Purvin & Gertz forecasts that:

• Alberta, the dominant Canadian supply source for 50 years, has likely peaked at 13.7 billion cubic feet per day, with CBM being the best hope to sustain that output level.

• British Columbia could grow significantly from its 2.6 billion cubic feet per day if the hopes of large finds in the northeast are realized, but Saskatchewan is expected to level off at 600 million cubic feet per day.

• Fort Liard, in the lower Northwest Territories, could double volumes over the next 15 years to 300 million cubic feet per day, but the Mackenzie Delta/Beaufort Sea is the best bet for big gains, just as Alaska is the U.S. ace-in-the-hole.

Nova Scotia setback

In Canada, the biggest setback has occurred in offshore Nova Scotia, where EnCana Corp. has called an indefinite “time out” for its Deep Panuke project, that was once expected to come on stream in late 2005 at 400 million cubic feet per day, the bulk destined for the U.S. Northeast.

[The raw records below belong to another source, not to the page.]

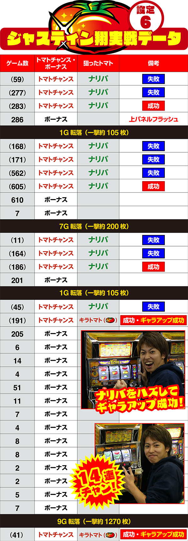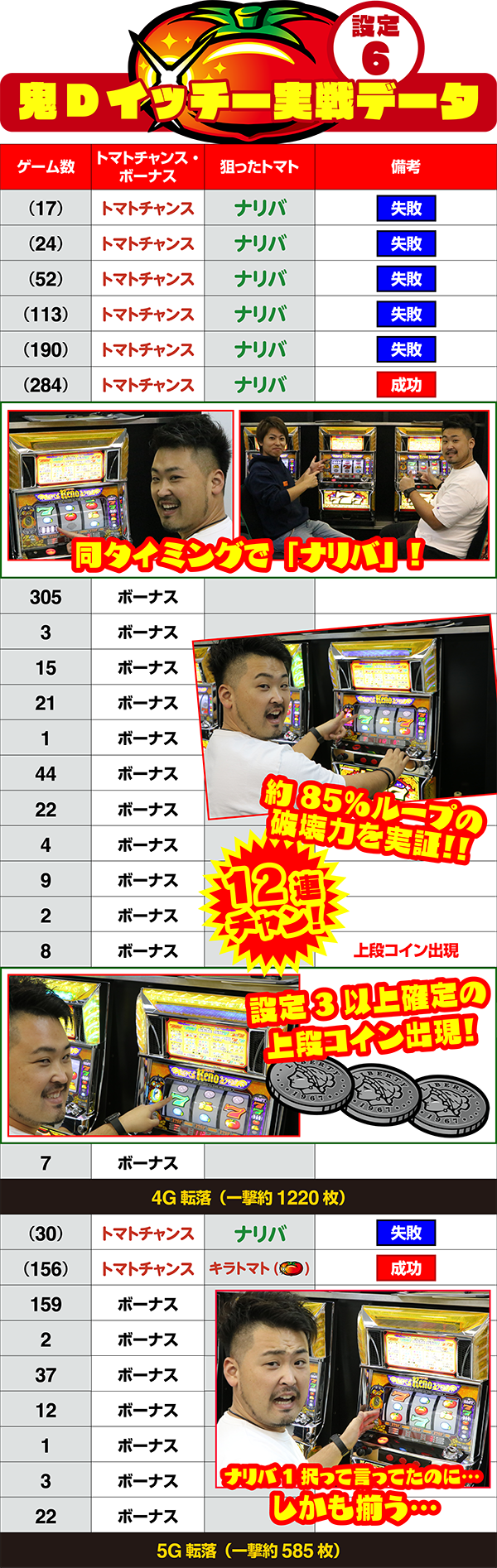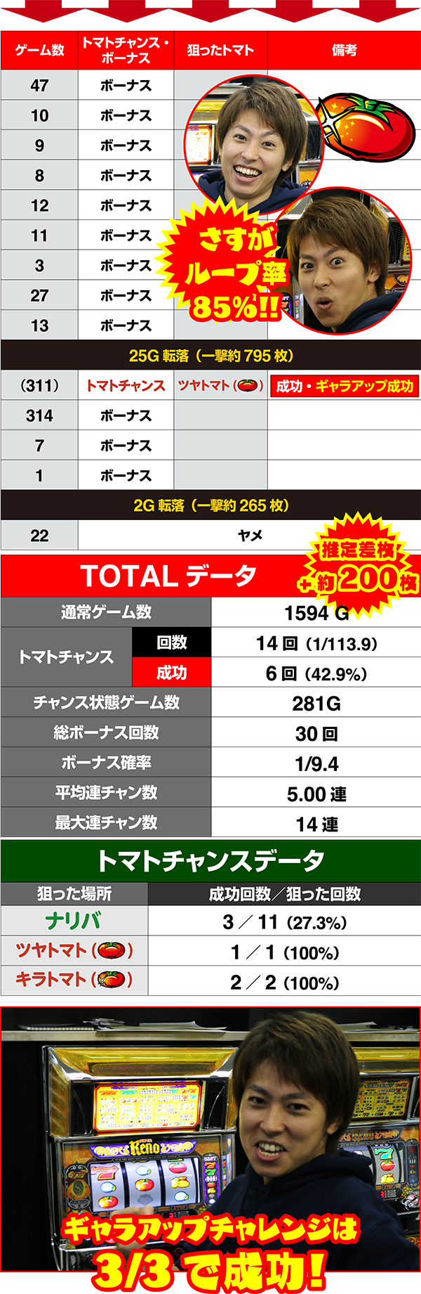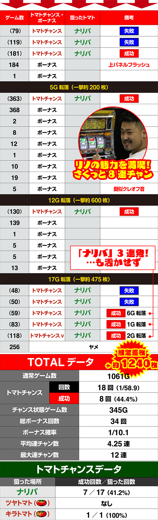 終わってみれば総トマトチャンス確率1/58.9、左リールの3択正解率44.4%と、圧倒的なヒキで快勝。ナリバ論を実証する形となった。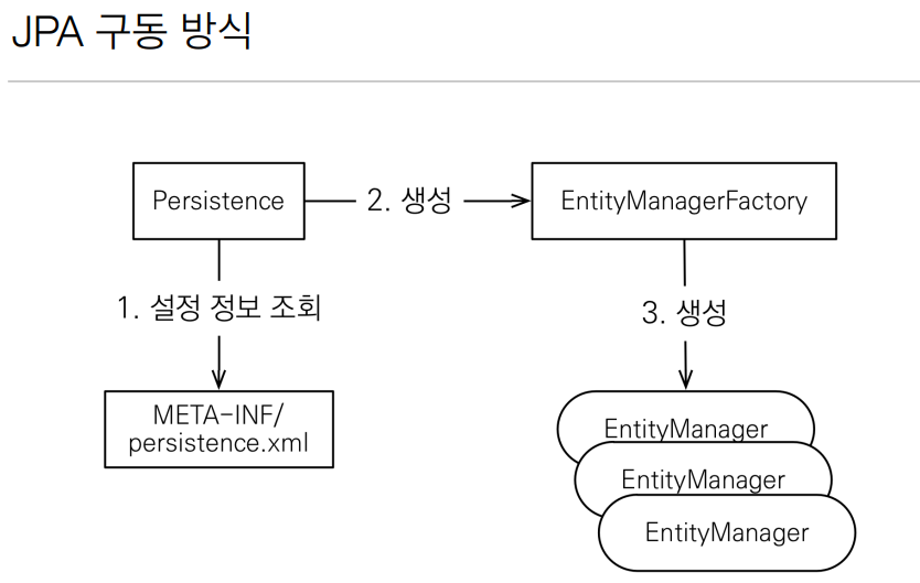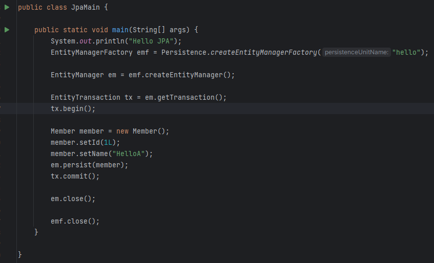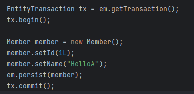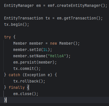 엔티티메니저 팩토리는 아까 META-INF/persistence.xml에서 정의한 persistence-unit 설정 정보 가지고 자신의 엔티티메니저 팩토리를 만든다. 이 팩토리는 처음에 로딩할 때, 앱 시작할 때 딱 한번 생성되고 이것만 가져다 쓸 거다. 트랜잭션이 필요할 때마다 이 팩토리에서 엔티티메니저를 만들고, 만들어진 엔티티메니저가 트랜잭션을 시작한다. 트랜젝션은 매우 중요하기 때문에 없으면 commit이 안되도록 만들어져있다.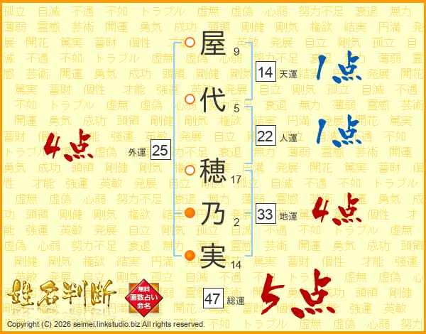 屋(9画)代(5画) 穂(17画)乃(2画)実(14画)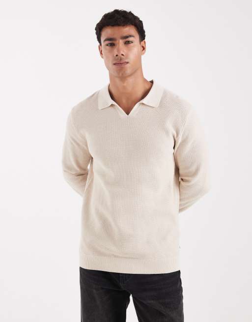Jack & Jones premium knitted long sleeve polo in silver lining

Deep Panuke was to be Nova Scotia’s second producing field after Sable, which pumps at peak volumes of 550 million cubic feet per day to serve New England markets, but has itself been rocked by a 11 percent reserve write down by partner Shell Canada Ltd. and is expected to start declining earlier than anticipated.

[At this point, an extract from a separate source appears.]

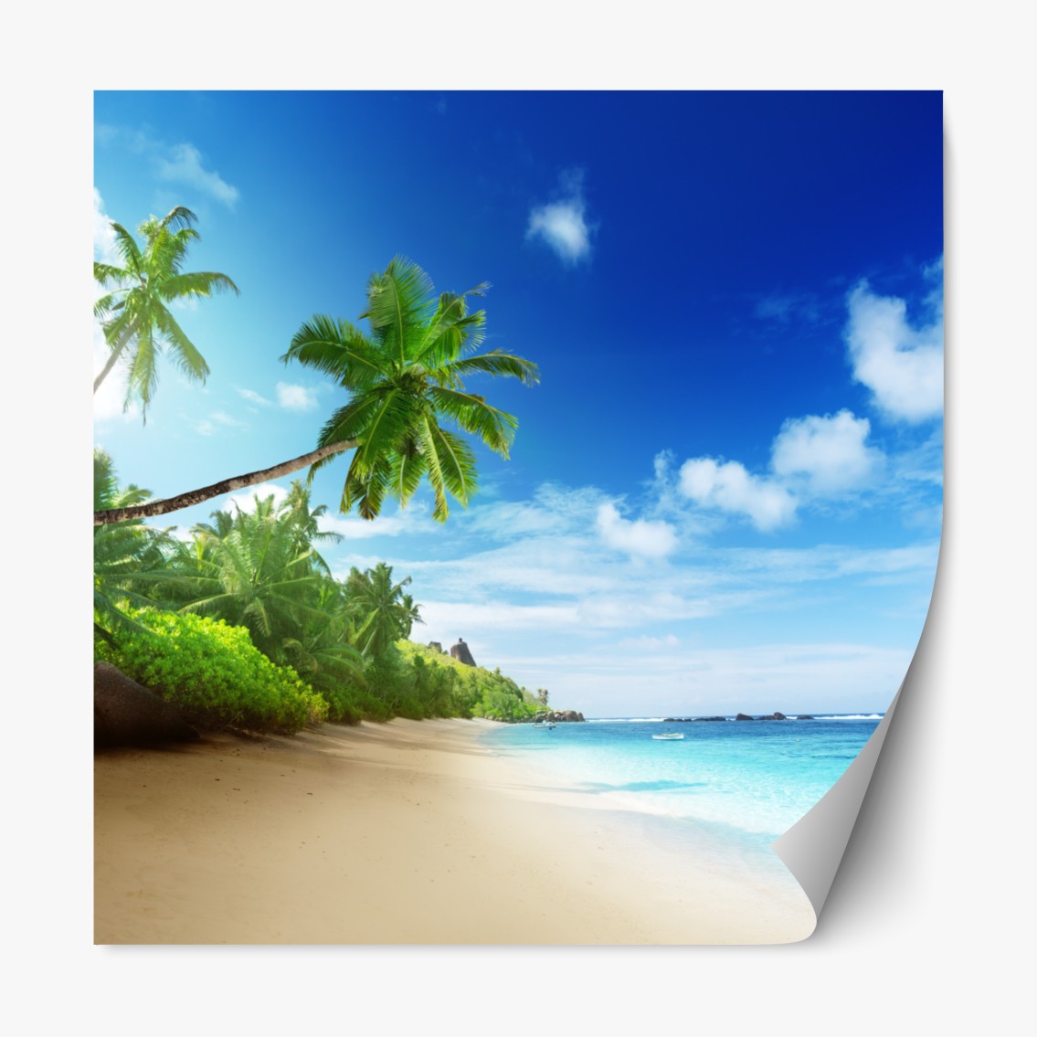 Naklejka repozycjonowalna Zachód słońca na plaży Mahe, Seszele

The Lehman Brothers report, dated Feb. 12, said the negative reserve revision “could point towards potential longer-term difficulties of maintaining production from the East Coast.”

EnCana said last month the economics of developing estimated recoverable reserves of 935 billion cubic feet make no sense.

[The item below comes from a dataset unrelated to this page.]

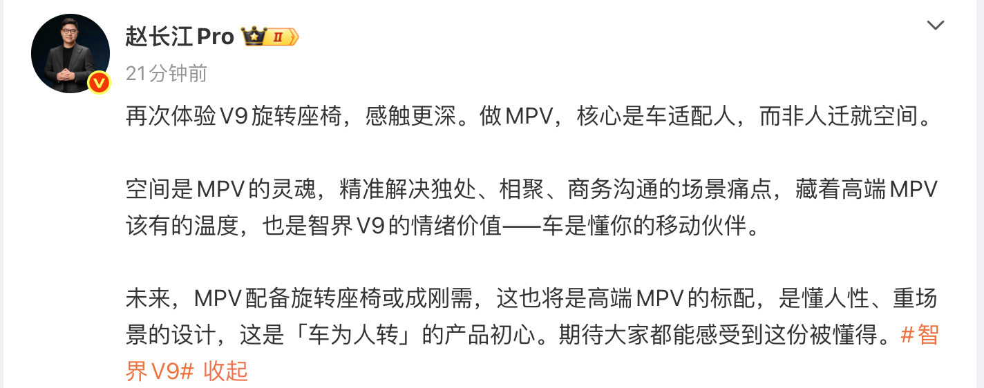 凤凰网科技讯 2月5日,智界汽车执行董事及执行副总裁赵长江谈智界V9内饰空间。他表示,做MPV,核心是车适配人,而非人迁就空间。未来,MPV配备旋转座椅或成刚需,这也将是高端MPV的标配。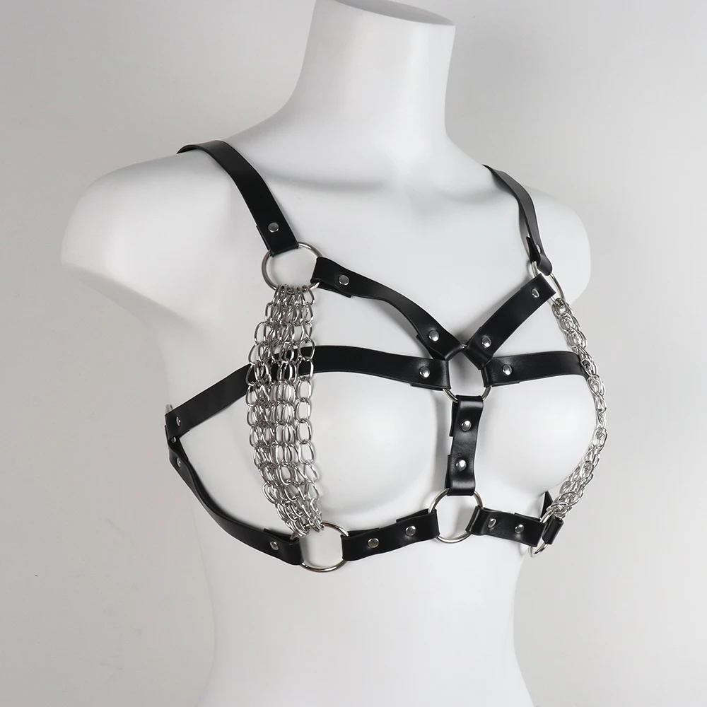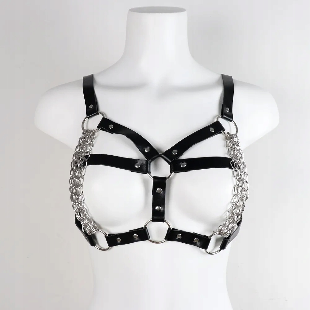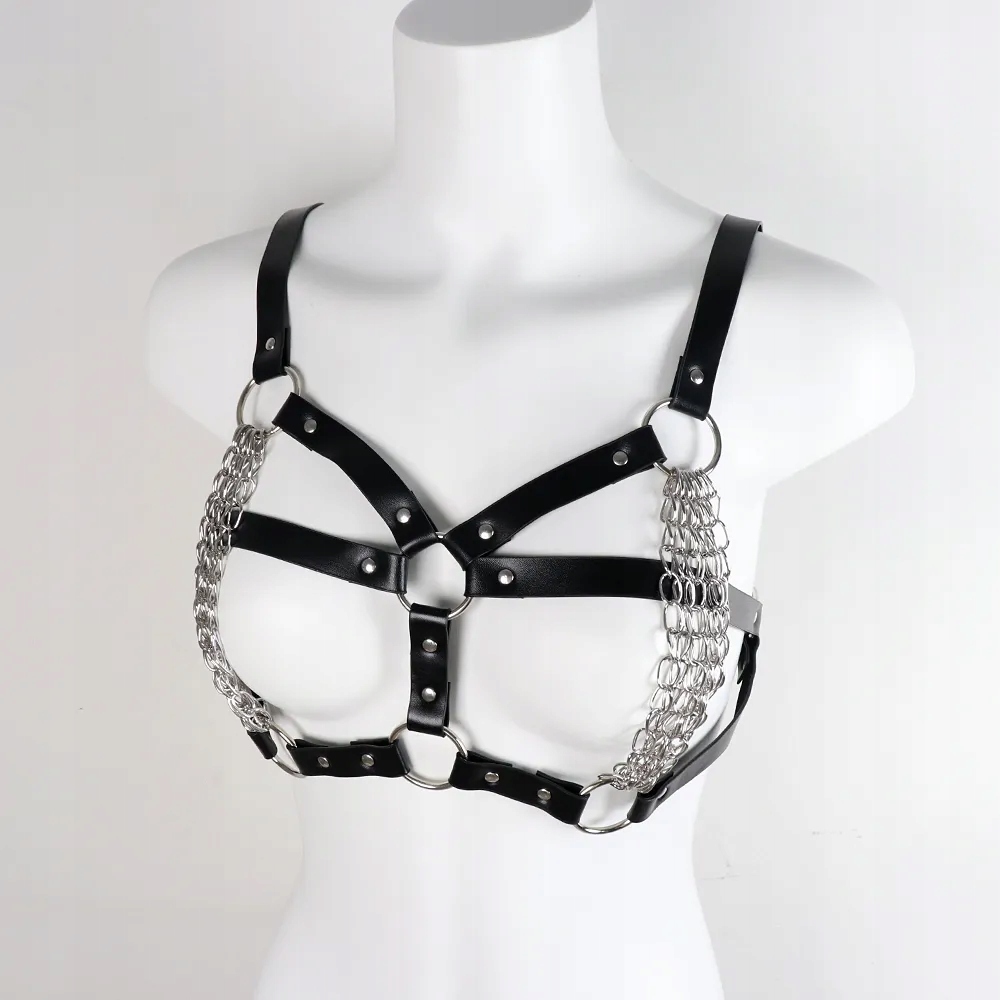 Сексуальні ланцюжки з бюстгальтера з натуральної шкіри, еротичних панк-бдсм

The National Energy Board and Canada-Nova Scotia Offshore Petroleum Board agreed Feb. 26 to suspend the public review process, asking for an update by Dec. 10.

EnCana chief executive officer Gwyn Morgan said major new discoveries boosting reserves to 1.4 trillion cubic feet would “help a lot” to make the C$1.2 billion project viable, along with possibly tying Deep Panuke gas into the Sable delivery system and obtaining concessions from the Nova Scotia and Canadian governments.

“We hope we don’t drop dead,” he said. “We’re trying to find a way of not doing that.”

But the hunt for new gas has hit a series of snags with a succession of wells failing to yield commercial finds and EnCana abandoning its first deepwater well in January.

Politicians and industry players keep pointing out that Nova Scotia is an underexplored basin that will need patience. Some analysts take the view that unless some of the 10 exploration wells planned for this year hit pay dirt, E&P companies will take their money elsewhere.

A first quarter review by FirstEnergy predicts gas prices will average $4.50 per million British thermal units at the New York Mercantile Exchange this year, compared with $3.36 in 2006.

It said a drilling surge in Canada won’t be enough to improve supply performance in 2004 and 2005.

The rapid draw down of storage levels that originally seemed adequate for winter needs will pose a challenge to regain levels of 3 trillion cubic feet by November, FirstEnergy said.